T3 Live
Shares

Coffee With Greta: Stocks Rise As February Ends

Shares

DJIA Futures: +46 (+0.1%)

SPX Futures: +4 (+0.1%)

NASDAQ Futures: +2 (+0.01%)

Good morning friends!

Futures are up slightly as traders brace for the final trading day of February.

Let’s get right to it!

February Comes To A Close

Today is the last day of February and the major indexes are on track to close out the month in the negative. 

As of Monday’s close, the Dow Jones is down 3.5% for the month and negative for the year, the S&P 500 is down 2.3% for February, and the Nasdaq is down 1%. 

Stocks pulled back in February after a strong rally at the end of December and into January. 

Traders have remained on edge about inflation and the Fed’s rate hikes this month as new data came in hotter than expected. 

But CME Group’s FedWatch Tool still shows over 75% of traders anticipating another 25 basis point hike at the March meeting. 

Some Fed officials have been pushing for a 50 basis point move after the January CPI, PPI, and PCE price index all came in hot.

Target Slips On Weak Outlook

Target (TGT) shares are down 0.2% ahead of the open after beating Q4 expectations but issuing weak guidance. 

Here’s how the retailer’s results compared to analysts’ expectations:

  • EPS: $1.89 vs $1.40 expected
  • Revenue: $31.4 billion vs $30.72 billion expected

Target’s profits were down 43% year over year.

But same-store sales rose 0.7%, topping expectations for a 1.6% decline. 

Inventory levels dropped 3% year over year in Q4 as Target focused on stocking more high-frequency items like food and paper towels. 

CEO Brian Cornell said, “We realized consumer spending habits have changed.
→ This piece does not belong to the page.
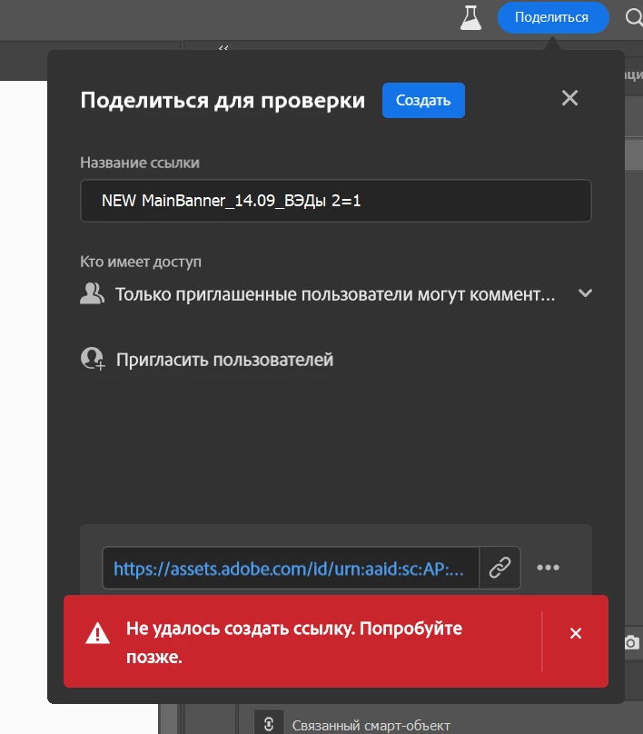 Добрый день! Перестали создаваться ссылки на проект, чтобы можно было поделиться с коллегой. Также, если ссылка создается, то она может не открыться совсем (сначала будет долгая загрузка файла, замтем ошибка. Скорость интернета стабильная и очень высокая) Спасибо!

So we took a pretty bold action and said, ‘We’re going to address inventory. We’re going to get our inventory levels right.’ We finished the year exactly where we wanted to be.”

Target expects comparable sales in 2023 to rangle from a low single-digit decline to a low single-digit increase and full-year EPS between $7.75 and $8.75. 
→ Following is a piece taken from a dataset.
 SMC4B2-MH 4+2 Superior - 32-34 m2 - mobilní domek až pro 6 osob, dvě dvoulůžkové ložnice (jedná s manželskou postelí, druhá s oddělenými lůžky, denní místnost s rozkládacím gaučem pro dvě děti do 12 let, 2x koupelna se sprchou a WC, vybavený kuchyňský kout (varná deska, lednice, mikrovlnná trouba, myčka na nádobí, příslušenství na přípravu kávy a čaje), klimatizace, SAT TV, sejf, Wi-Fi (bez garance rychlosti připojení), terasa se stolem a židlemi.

That missed analysts’ expectations for earnings of $9.23 per share this year. 

Cornell said, “I think we’re being appropriate with our guidance in this environment. We know inflation is still high — it’s been very stubborn. It’s still at a very high level. We know interest rates are rising. And we’re going to watch the consumer really carefully.”
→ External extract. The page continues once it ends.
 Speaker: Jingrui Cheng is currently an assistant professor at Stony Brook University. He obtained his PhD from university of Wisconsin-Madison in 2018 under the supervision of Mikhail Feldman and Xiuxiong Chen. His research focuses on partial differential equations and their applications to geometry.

Zoom Rallies On Earnings Beat

Zoom (ZM) shares are jumping 5.1% in premarket trade after beating fiscal Q4 expectations on the top and bottom line. 

Here’s how the video chat company’s results compared to analysts’ expectations:

  • Adjusted EPS: $1.22 vs $0.81 expected
  • Revenue: $1.12 billion vs $1.10 billion expected

Revenue rose just 4% year over year, a dramatic slowdown from the rapid growth seen during 2020 and 2021.

Zoom expects growth to continue slowing this year. 

The company forecast between $4.435 billion and $4.455 billion in revenue this year, implying 1.1% growth and missing analysts’ estimates of $4.6 billion. 

Zoom forecast full-year adjusted EPS between $4.11 and $4.18, topping estimates of $3.66.

For fiscal Q1, the company sees adjusted EPS of $0.96 to $0.98 on revenue of $1.080 billion to $1.085 billion. 

Coming Up: Consumer Confidence

Consumer confidence is expected to have improved in February. 

The Conference Board releases its consumer confidence index at 10:00 a.m. ET today. 

That index is expected to improve to 108.5 from 107.1 in January.

Traders will be monitoring the expectations index in that survey, which currently stands below 80 which often signals an impending recession.

The survey also includes an update on consumers’ inflation expectations, which ticked higher in January from December.

In Case You Missed It

  • Pending home sales surged in January as mortgage rates dropped. The National Association of Realtors reported pending sales jumped 8.1% last month vs expectations for a 0.9% gain. It was the second straight monthly increase but pending sales were still down 24% year over year.